Escucho mi tiempo pasado, le respondo. Y me mira con extrañeza y a la vez divertido. 

Escucho el goteo de la lluvia de todas las épocas.

Escucho el torrente que arrastró vidas y fecundó la tierra.

Escucho la formación del limo que permitió dejar huellas. Y sobre las cuales se edificó.

Hay voces silenciadas que la mayoría ignoran. 

El niño dice que me comprende. Cuando eras niño niño, dice, no entendías casi nada. Pero querías poseerlo casi todo, aun siendo nimio y no percibir su dimensión. 

El niño no cesa en sus advertencias. A ti los gritos de los muertos te estremecen. Las súplicas de los que jamás han levantado cabeza te indignan. La sonrisa bufa de quienes creen haber conquistado la tierra y el cielo te revuelven las vísceras.

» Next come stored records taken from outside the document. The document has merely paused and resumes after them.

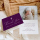 Modern Minimalist Script Purple Photo Baptism Thank You Card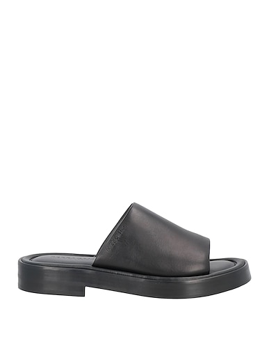 leather, nappa leather, no appliqués, solid color, leather backing, round toeline, flat, rubber cleated sole, contains non-textile parts of animal origin, large sized, slide sandals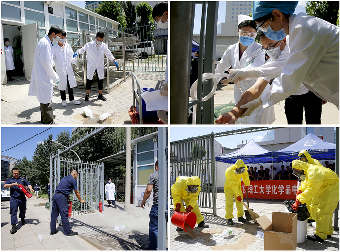 演練分四個階段:第一階段,中轉室正常運行期間發生硫酸泄露傷人事故,中轉室管理員組織進行了初期急救、疏散;第二階段,校醫院接到中轉室報告后,派醫務人員趕赴現場進一步救治傷者;第三階段,遺撒在地上的硫酸、有機廢液起火,中轉室管理員使用滅火器進行了前期撲救;第四階段,保衛處、環保技術公司接到中轉室報告后,趕赴現場分別進行警戒、滅火及泄漏物后期清理。最終,警報解除,演習結束。
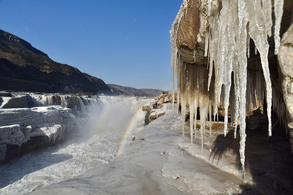 The Hukou Waterfall, with enchanting all-season scenery, is known for its eight great views, namely the "Smoke from the Deep Waters", "Boats Sailing on the Dryland", "Rainbow above the Water", "Exploded Mountain Rocks and Poured Water", "Rain against the Sunny Sky", "Thunder in the Dry Season", "Upside-Down Ice Peaks" and "Tunnel of Running Dragon. Its marvelous landscapes are widely praised and considered a great symbol of the courageous and upright Chinese ethnic spirit.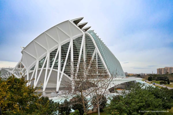 Valencia ist die Hauptstadt der Provinz Valencia, hat etwa 800.000 Einwohner und ist die drittgrößte Stadt Spaniens. Damit gehört sie eigentlich nicht zu unseren bevorzugten Zielen, denn wir vermeiden doch gerne Großstädte. Mehr zufällig führt uns unser Navi auf dem Weg gen Süden aber mitten durch die City und weckt so unsere Begeisterung für die Architektur der "Ciutat de les Arts i les Ciències" .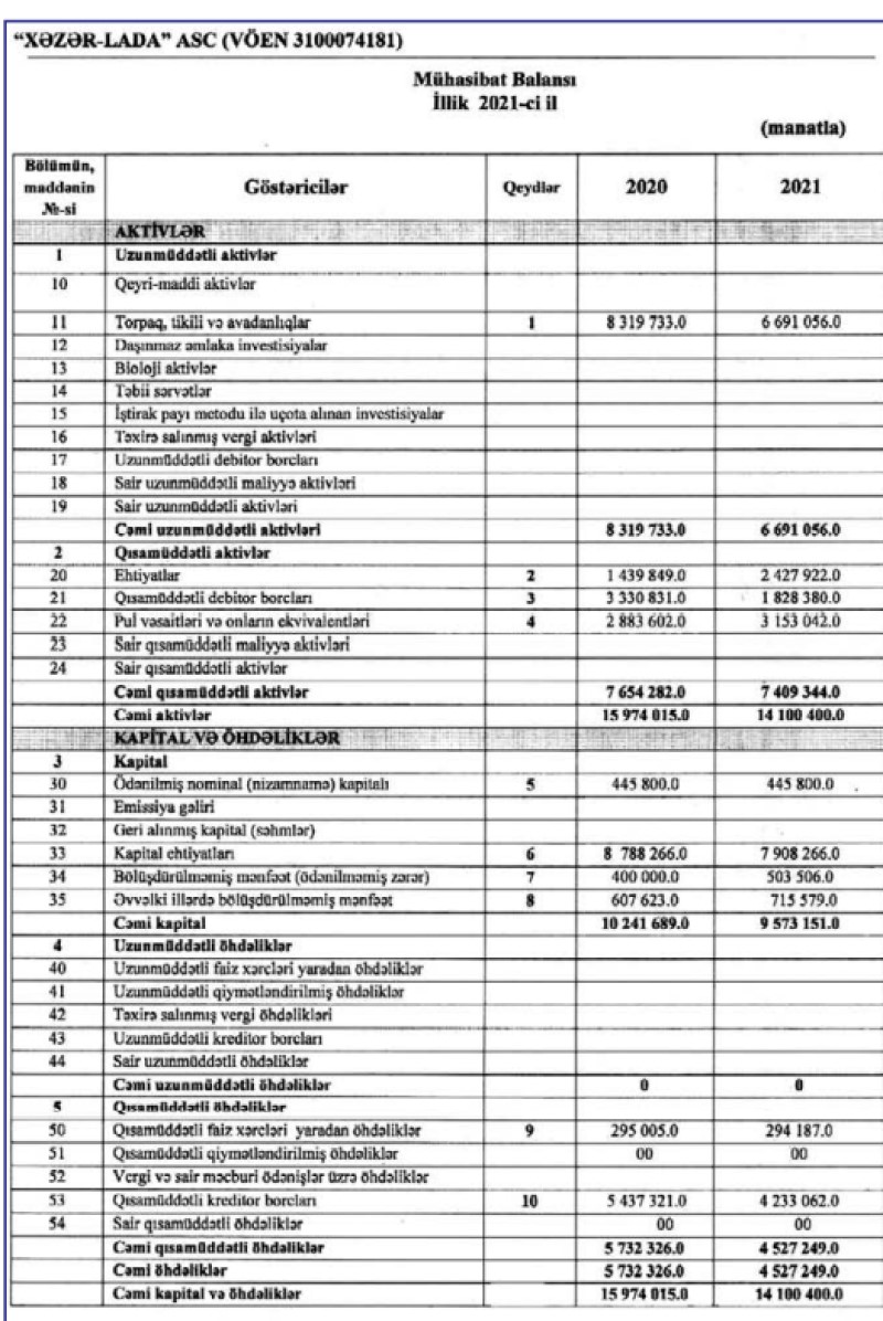 Rusiyanın "AvtoVaz" şirkətinin Azərbaycanda rəsmi tərəfdaşı "Xəzər Lada" ASC 2021-ci ili 504 min manat xalis mənfəət ilə başa vurub. Halbuki, Şirkət 2020-ci ili 389 min manat xalis mənfəət ilə bağlamışdı.

Ahora bien, dice el niño, si puedo hacer algo por ti, dímelo. Yo nunca me he ido. Estuve alejado pero tú seguiste dándome cobijo. Te estoy agradecido.

Crecí con el rechazo a cuanto ignoraba.

Crecí subestimando los tiempos proscritos.

Crecí borrando huellas que no conseguía del todo eliminar.

Heme aquí, tendido sobre lo seco y sobre lo húmedo. Sobre lo áspero y sobre lo suave. Sobre el clamor y sobre la mudez. Sobre el regocijo y sobre la tristeza. Sobre el conocimiento y sobre la ignorancia.

No he caído. Nada me ha derribado. Bocabajo hablo con las dimensiones menos reconocidas. 

Donde un cuerpo se hace otro cuerpo.

Donde un cuerpo envejecido se presume creciente. 

Donde ese cuerpo creciente no muere.

Pero, ¿acaso un cuerpo que no quiera reconocerse en su deterioro podría ponerse a salvo de otra manera que no fuera sino acostándose con la tierra?


 


4 mar 2022

El ave del paraíso



A veces el hombre en la noche silenciosa no sabe callar. Y en la duermevela, sin que sepa si sueña o si piensa, que es otra forma de soñar, le agita la brusquedad.

Ha escuchado una detonación seca y el aire se ha agitado. Cree estar solo y sabe que el silencio no suena, al menos no con sonidos que no le sean propios.

El hombre no es menos hombre por ser niño. Ni cuando lo era ni cuando ya anciano retorna en busca de lo perdido. ¿Será el golpe metálico que he escuchado como el rumor de una caracola que te lleva al origen?, se pregunta.

Luego retorna el silencio. El espacio en que no existen las preguntas y en el que no se arriesga respuestas.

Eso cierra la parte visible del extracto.